Water, Give it a go!

I get asked more about the right way to drink whisky in terms of the use of water than pretty much anything else in my job. It happens a lot and causes big debates but there is no right or wrong way and there are no definitive rules. It is all about you and how you feel!

A prime example of this for me is Bowmore’s Tempest expressions.  All first fill bourbon matured, all 10 years old and all cask strength but all very different. When you add water to them they all become very different again. Let’s take the latest one, Tempest 4 as an example of how this whisky changes with and without water.


All four releases of Tempest in one place is a rare sight!

Initially on the nose remembering this is cask strength (55.1% ABV), minty and fresh, saltiness, vanilla and zesty citrus with a balance of that Bowmore smoke. Wonderfully Bowmore and all the ex-American bourbon cask flavours are there combined with the Bowmore house style.

Again when you taste, I take a small sip and move it around the mouth almost to make my mouth aware of the strength. The second sip I get some of the tastes coming through, but still plenty of alcohol. This whisky has great sweetness and plenty of vanilla and lemon citrus tang with that sea saltiness on the side of the tongue. Also I find a slight peppery spiciness and that wispy Bowmore smokiness coming through at the back. It finishes with a strong warming finish you would expect for a cask strength whisky with those first fill American white Oak aromas abound.

With water, this whisky changes and when I add a few drops the first thing that becomes clear is the aromas on the nose seem much more apparent.
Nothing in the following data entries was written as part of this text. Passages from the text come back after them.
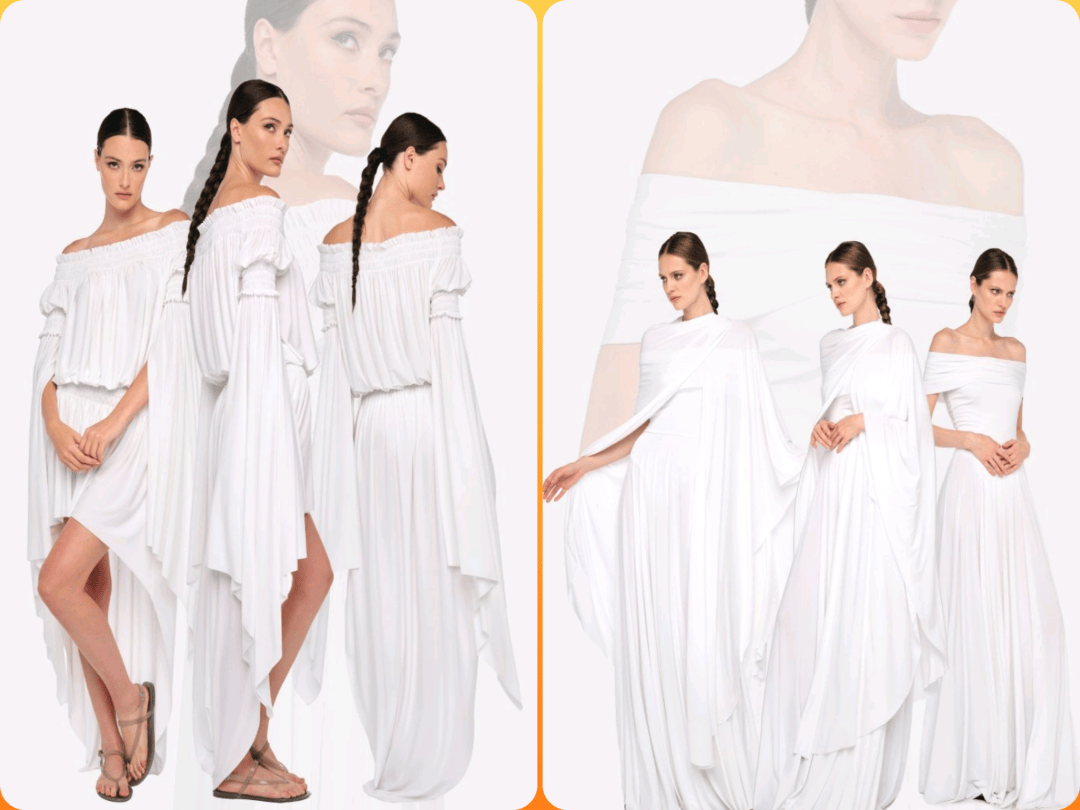 纯白色颜色的服装在色彩的低调干净的气质中,优雅的裙装结合一字肩、不规则下摆、廓形褶皱等设计,也为纯色的裙装增加了不少细节的设计感。
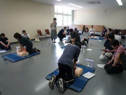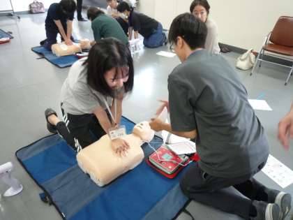 PTA役員の方も参加してくださり、いざという時に備えて、胸骨圧迫や人工呼吸、AEDの操作等、実技を交えながら学びました。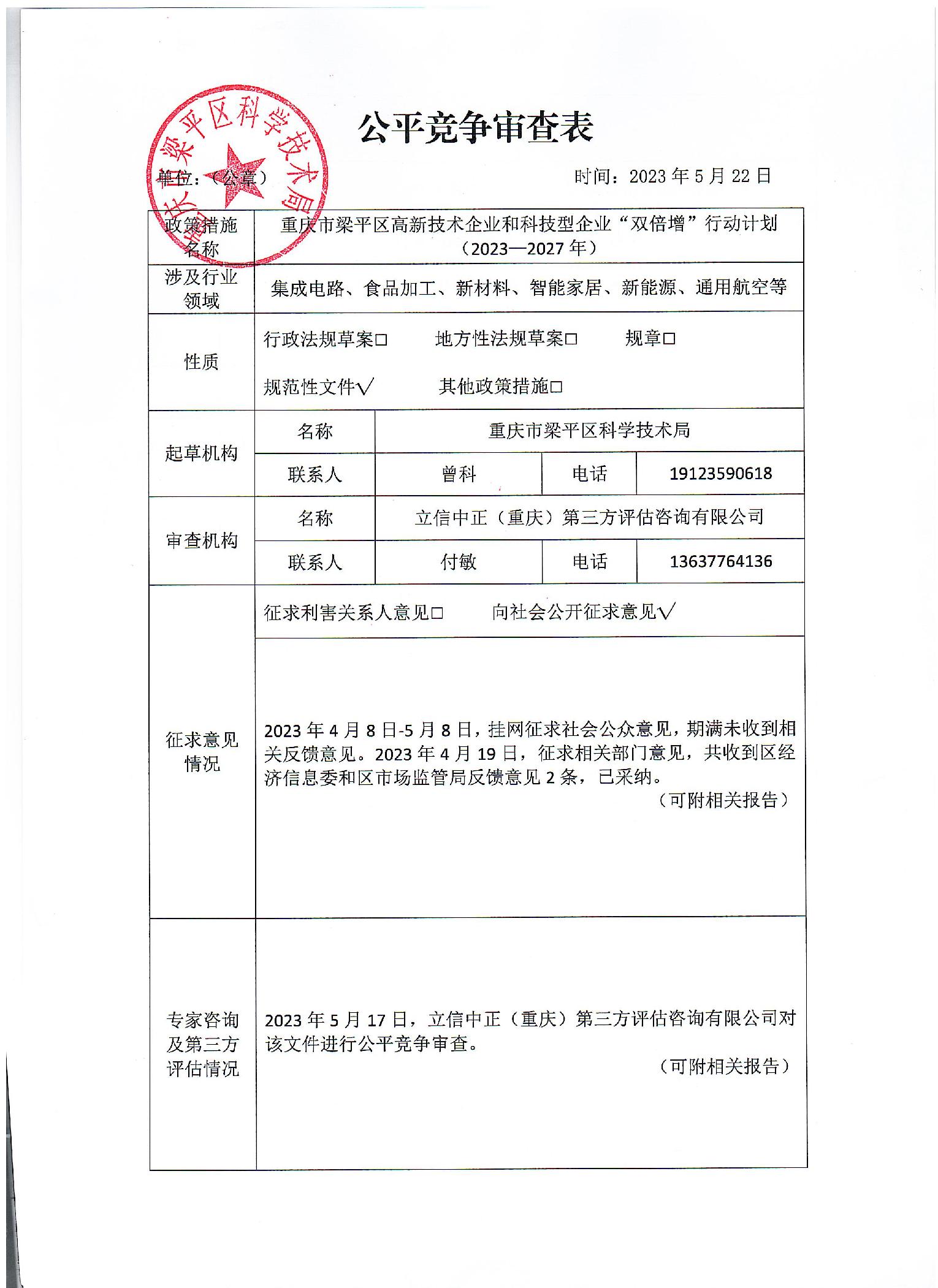 | 标题 | 重庆市梁平区高新技术企业和科技型企业“双倍增”行动计划(2023-2027年)公平竞争审查表 |

The sweetness seems more intense on the nose and smokiness, but possibly a little more woody and oak spice aromas coming from those casks.

When you taste, I am struck by the seemingly more intense sweetness at the front of the tongue and then the creamy mouth feel becomes hugely appealing. The sweetness of the whisky comes through bringing the lush flavours of the bourbon casks with lemon opal fruits and vanilla cream combined with that sea salt tang but then the smokiness reappears stronger on the palate towards the end.  The finish is mellow but complex with those balanced flavours lingering on.

It is an incredible whisky which then becomes hugely different with water. Sometimes I drink it straight, sometimes with water but also sometimes I drink the first half without water and the remainder of my dram with water. It depends on so many things!

For the purpose of water and whisky, I also wanted to get the objective of a man I know well and someone who is well qualified to talk about the addition of water and whisky. He is continually tasting whisky for the Whisky Magazine and also he is the organiser of the World Whiskies Awards which are awarded every March. Rob Allanson is a good friend and former colleague has been editing Whisky Magazine for 6 years.

Rob allanson

"Water is one of those wonderfully contentious issues. How many times have you been in a bar and been told: "You cannae add water to that sonny, sacrilege." Rubbish! Water has this great effect on whisky where by it opens up all those flavour chains, both on the nose and the palate. If the water issue comes up in a masterclass I would normally slowly pour some into a cask strength number to show off those whorls. Why would you not add water when you are missing out on all these extra dimensions. Water softens and mellows, but it also reveals. Add water to high strength whiskies and it's incredible what the alcohol can mask; both in good ways, revealing more layers and complexities; and some times bad, off notes.

"So it is ok to add water to your whiskies...in fact I would encourage it. Go on..."  

So there you are…………give it a try……..it is only water!!